Il Comune pensa a una partnership e lancia una proposta ma la titolarità rimarrebbe comunque in mano pubblica

La caserma Tofano è stata sistemata. Alla fine, tra chi ne voleva fare sede universitaria e chi una piazza o una villa comunale, ha vinto lo Stato affidandola al Ministero dei beni culturali.

Non è ancora chiaro quando, ma è certo che nel futuro del “Gran quartiere” ci sarà un centro polifunzionale – aree deposito, laboratorio di restauro e sale espositive – in cui confluiranno i reperti delle passate e delle future campagne di scavo.

In Sovrintendenza non parlano apertamente di museo, ma di struttura aperta a ricercatori, studiosi e gruppi di esperti. Seppur in maniera non onerosa, il Comune vuole comunque fare la sua parte. Ieri mattina il sindaco Manlio Torquato ha parlato con il soprintendente di Pompei Massimo Osanna e con la segreteria del ministro Dario Franceschini, chiedendo ad entrambi un incontro. Ora occorre occuparsi del castello Fienga. Qui nessun dicastero romano lo prenderà in carico.

Anche se, ironicamente, il presidente della Pro Loco Gino D’Angelo dice: «Come sta la situazione, solo il Ministero può intervenire per salvarlo. Solo il cortile è agibile. Il resto è nel totale oblio. Non può rimanere così. È una struttura che raccoglie secoli di storia, non può restare abbandonato». Tra le associazioni e la politica c’è unanimità.

La struttura va riqualificata e riconsegnata alla città. «Abbiamo diverse idee – dichiara Gianfranco Trotta, consigliere delegato a seguire le sorti del Fienga – e nel piano triennale delle opere pubbliche abbiamo stanziato dei fondi per la sistemazione. La nostra idea è quella di rimettere tutto apposto e restituirlo alla città dal punto di vista archeologico e agronomico. I primi passi riguarderanno l’adeguamento della sala conferenze e del cortile».

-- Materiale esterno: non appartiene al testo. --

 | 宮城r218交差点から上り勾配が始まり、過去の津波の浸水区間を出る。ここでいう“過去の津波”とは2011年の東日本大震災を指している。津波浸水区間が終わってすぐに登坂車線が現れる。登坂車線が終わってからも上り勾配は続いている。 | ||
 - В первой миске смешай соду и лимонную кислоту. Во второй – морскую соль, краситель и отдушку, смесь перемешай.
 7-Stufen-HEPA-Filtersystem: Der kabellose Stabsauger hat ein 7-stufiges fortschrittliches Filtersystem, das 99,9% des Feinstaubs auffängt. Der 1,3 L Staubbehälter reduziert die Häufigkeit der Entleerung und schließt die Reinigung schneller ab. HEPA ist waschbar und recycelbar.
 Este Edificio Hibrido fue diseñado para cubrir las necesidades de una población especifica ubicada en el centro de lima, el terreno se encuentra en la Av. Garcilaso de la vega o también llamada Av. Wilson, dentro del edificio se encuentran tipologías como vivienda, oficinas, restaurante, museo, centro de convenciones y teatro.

Dopo un lungo periodo da protagonista, da quasi un decennio il maniero è vittima di un inesorabile destino. A segnare questo tempo l’attimo in cui si pensò di riqualificarlo, con tanto di progetto firmato dall’archistar Eduardo Souto de Mura. Una stagione eclissatasi da tempo. Ora bisogna rimettere insieme i cocci.

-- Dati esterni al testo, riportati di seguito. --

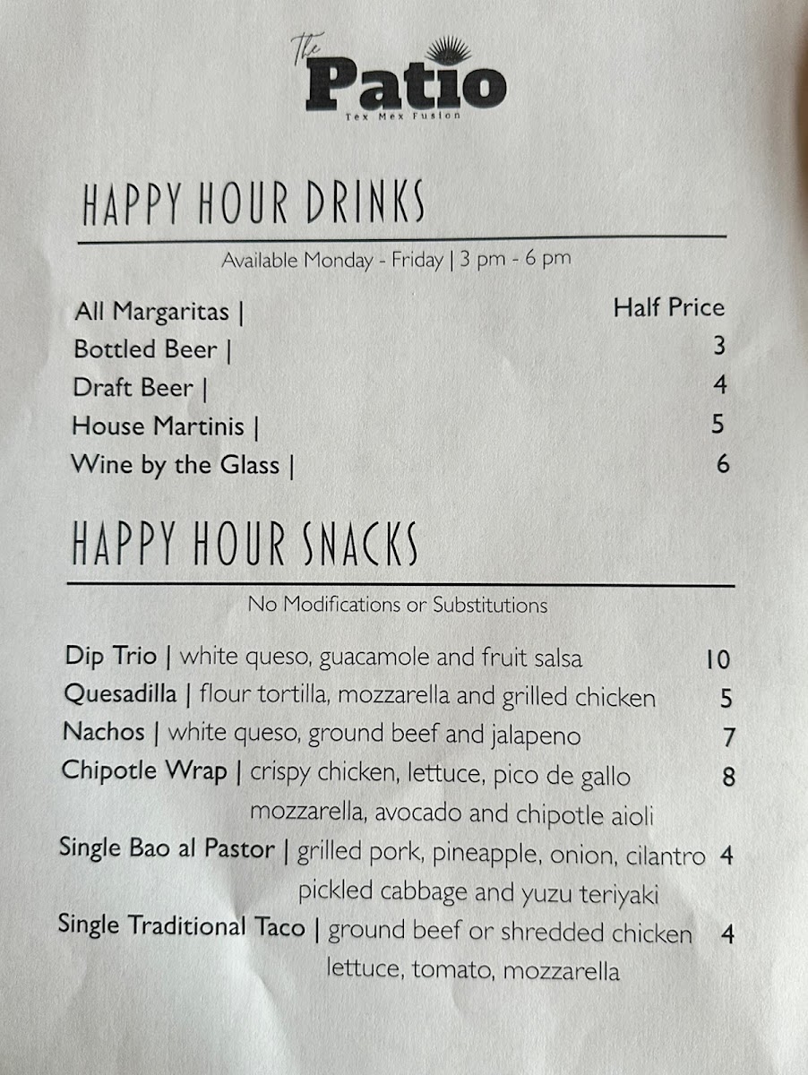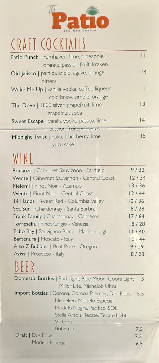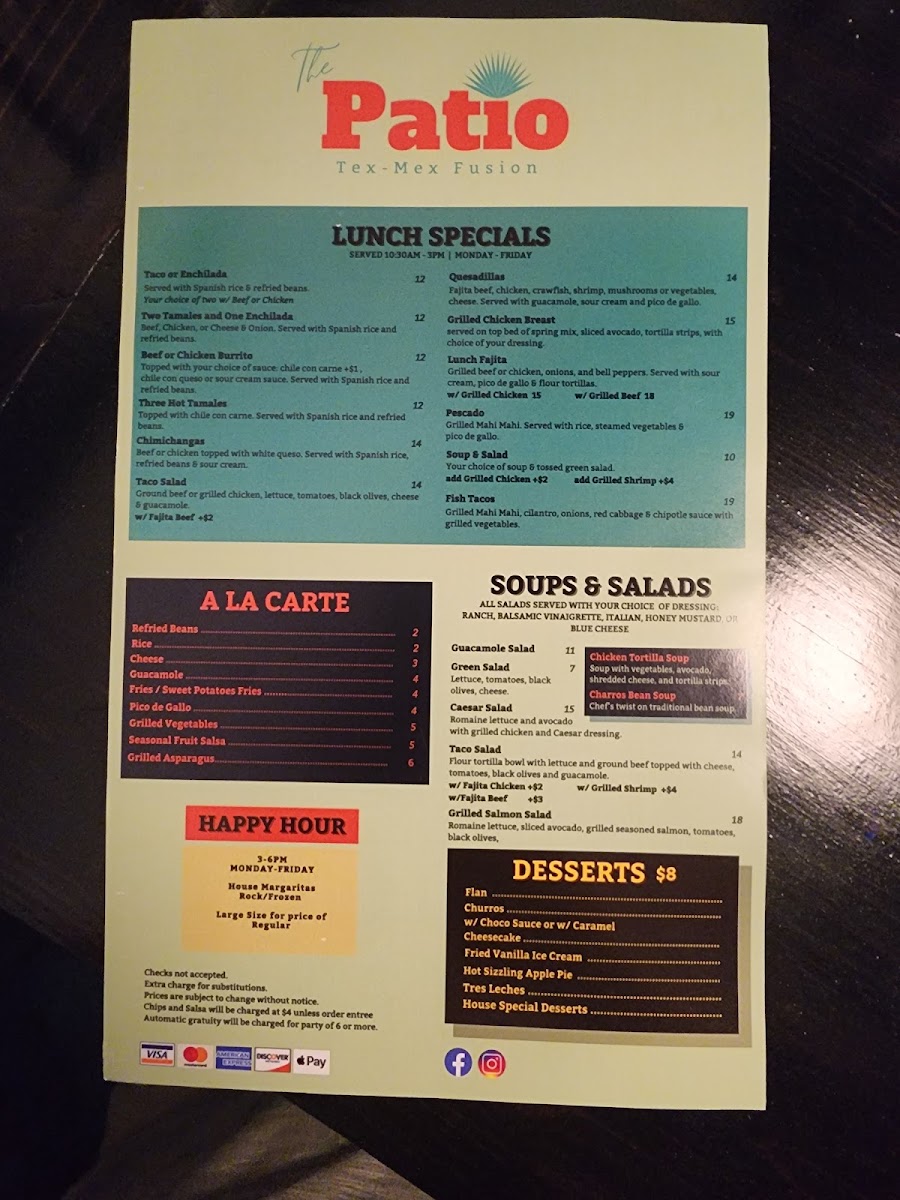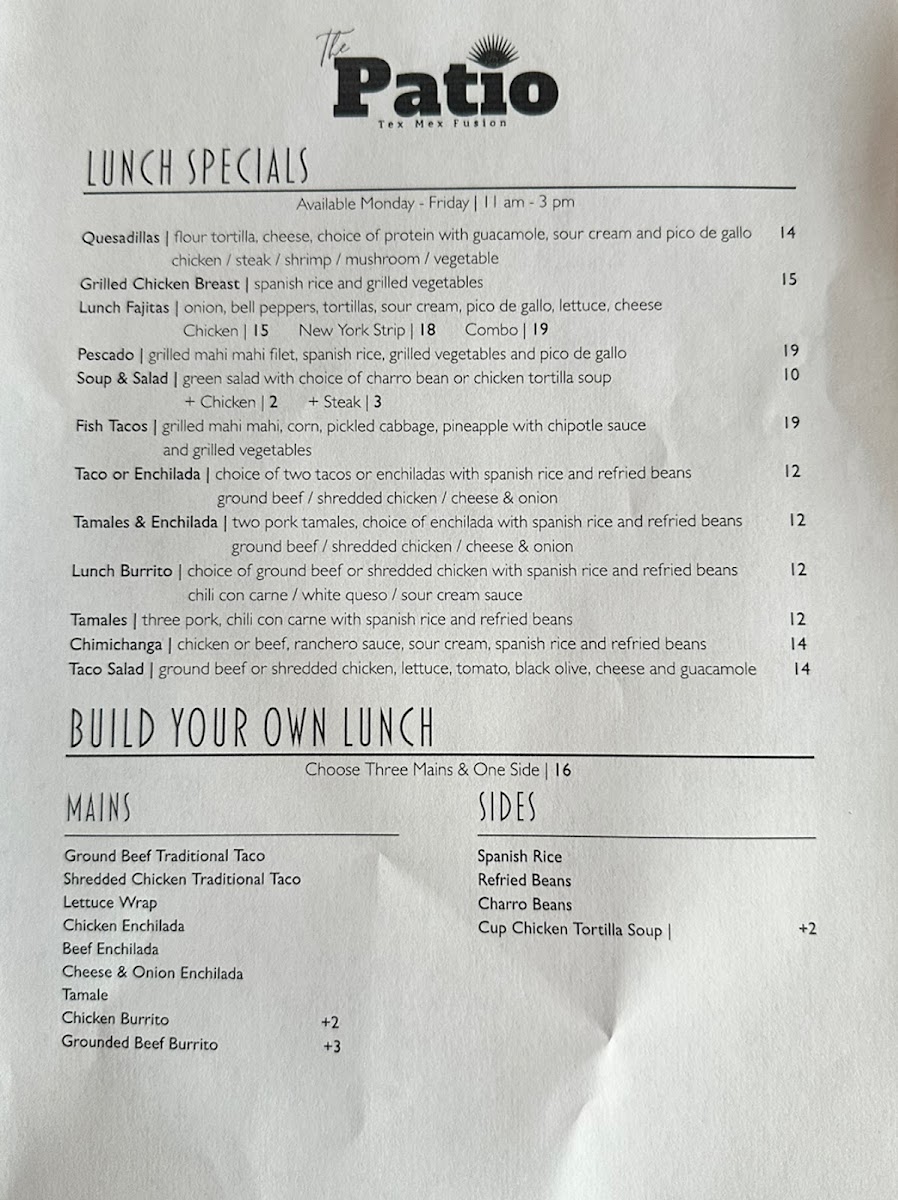 The Patio Tex-Mex Fusion Menu

Lo stanno facendo i volontari dell’associazione “Ridiamo vita al castello”, che ha deciso di partire dal basso: «Siamo concentrati sulla pulizia delle aree circostanti il castello – afferma il presidente Giuseppe Gambardella –, consapevoli dell’importanza che riveste questa struttura dal punto di vista storico e architettonico». Sia Pro Loco che Ridiamo vita al castello si battono anche perché il tutto resti pubblico. «Il castello deve restare bene comune – aggiunge Gambardella –. Nulla va escluso, ma ci sono tanti modi per metterlo a reddito e non va dimenticato che è il simbolo della città. Fa parte del nostro patrimonio».

È della stessa opinione D’Angelo: «Il castello non deve andare ai privati. Sarebbe deleterio. Deve essere un centro culturale al servizio della provincia». Ci pensa Trotta a tranquillizzare la collettività: «La titolarità del castello resterà nelle mani del Comune. Siamo i primi a dire no ai privati». A Palazzo di Città si sta pensando al regolamento di gestione che resterà, dunque, in capo al Comune, seppur sono previste partnership private.